11 This is what the Lord says about Shallum son of Judah’s King Josiah, who succeeded his father Josiah as king but who is now gone from this place: He will never return! 12 He will die where he’s been exiled and never see this land again. 13 How terrible for Jehoiakim, who builds his house with corruption and his upper chambers with injustice, working his countrymen for nothing, refusing to give them their wages. 14 He says, “I’ll build myself a grand palace, with huge upper chambers, ornate windows, cedar paneling, and rich red decor.” 15 Is this what makes you a king, having more cedar than anyone else? Didn’t your father eat and drink and still do what was just and right? Then it went well for him! 16 He defended the rights of the poor and needy; then it went well. Isn’t that what it means to know me? declares the Lord. 17 But you set your eyes and heart on nothing but unjust gain; you spill the blood of the innocent; you practice cruelty; you oppress your subjects. (Common English Bible)
“The Power
of Half: How Dividing Something Changed Everything,” Week One
The 57-year-old pastor hardly seemed like the
most worthy candidate for an experiment in homelessness. He had a family and a thriving megachurch in
Sacramento, California, and besides, he had already tried it out for a few days
already—living on the streets for a short time as a part of a fundraiser for a
mission to provide more food and shelter to Sacramento’s homeless population. What more could he learn about just how much
he already had by doing it again?
But return to the streets Pastor Rick Cole did,
this time for two weeks. And the
experience was utterly and completely transformative. I’ll let Pastor Rick tell you himself,
through an interview with Harry Smith of NBC News:
“I’ve
walked past people that stay in some of the places of homelessness. And really almost not even noticed them, not
considered their plight and what’s going on in their life. Now I was living among them,” Cole
(said). “I think I began to experience
how people ignore others. I became the
one ignored. People walked by me like I
didn’t exist.”
“It might
be like, man, those people just need to get a job. They need to get themselves out of the hole
they dug for themselves,” Cole said of attitudes he’d heard—and shared at times—before
his two-week stretch on the streets…
“Once we
try to go to sleep at night, it was really sketchy because there’s people
walking up and down this river all night long.
So you wake up kind of startled, not sure what’s going on. So it felt, actually, very insecure.”
After the
experience, Cole said the “holes” he found were filled with addiction and
mental illness, bad breaks and bad decisions.
Who was he not to help?
“They
matter to God.
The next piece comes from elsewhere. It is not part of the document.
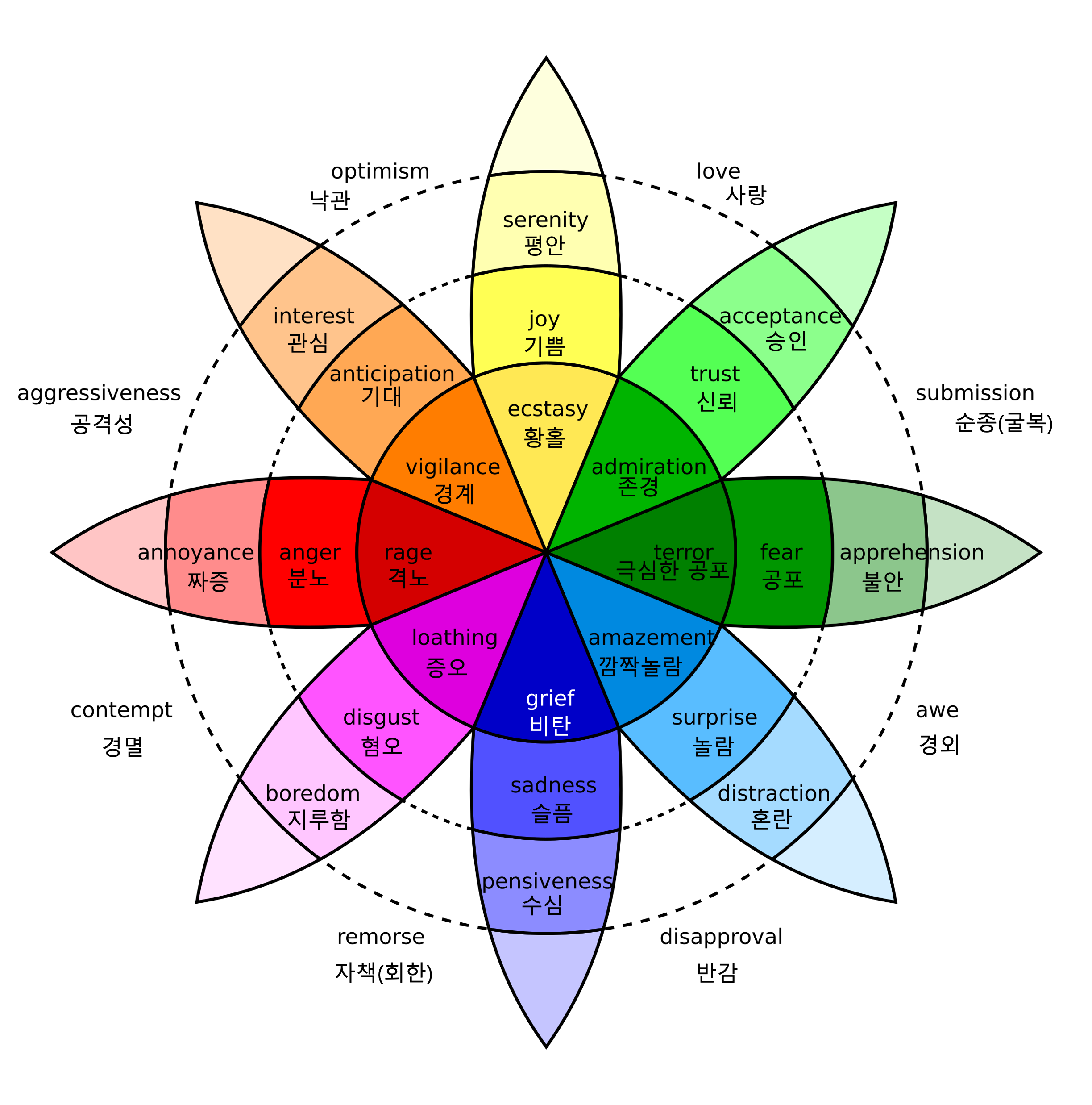 1980년 미국 심리학자 로버트 플루치크(Robert Plutchik) 박사가 만든 플루치크의 감정의 바퀴는 감정이 어떻게 관련되어 있는지 설명해주고 있는데요,

They matter to me, and
now I’m trying to figure out why they didn’t matter to me before.”
Okay, I have to cave and admit that it is
officially the holiday season, even though I really wish it wasn’t. Hear me out, now—how many of you will wake up
the morning of December 26 and think to yourselves something along the lines
of, “Wow, I’m glad all that work is over with for another year?” How many of us will get to that dangling week
between Christmas and New Year’s and feel like we just OD’ed on everything
pepperminty and jingle-belly? (But if
you still want your peppermint mochas after Christmas, just brew your regular
coffee and squeeze a tube of toothpaste into your mug. Ta da!
You’re welcome.)
Well, if that applies to you, then maybe we need
to halve back on all of the trappings of December? Because this *isn’t* the Christmas season,
not yet—the Christmas season is 12 days long (hence the song. No, really.) and it actually doesn’t end
until several days into January of next year.
But to help us now, in the task of preparing the way for the Lord this
Advent season, I’ve selected a memoir by a father-and-teenage daughter duo,
Kevin and Hannah Salwen, entitled “The Power of Half,” which gets its title
from their family literally liquidating and selling half of their family’s
entire net worth: half of their home value (and subsequently moving into a
smaller home), going from two cars to one, the whole nine yards. And they learn a lot as they cleave away at
their material lives, including exactly how much they have to begin with, and
they decide to give away that half they liquidated to anti-poverty initiatives
in rural Ghana in West Africa. Hear
Hannah’s words about this experience:
If you have
a front door, you have so much more than the people in the villages of
Ghana. Imagine your family living in a one-room
house made of mud, with no running water or electricity. Imagine never traveling more than a few miles
from you home, always on foot. Yet the
people in Ghana appreciate what they have, even though it seemed to me when we
visited them like they had nothing at all.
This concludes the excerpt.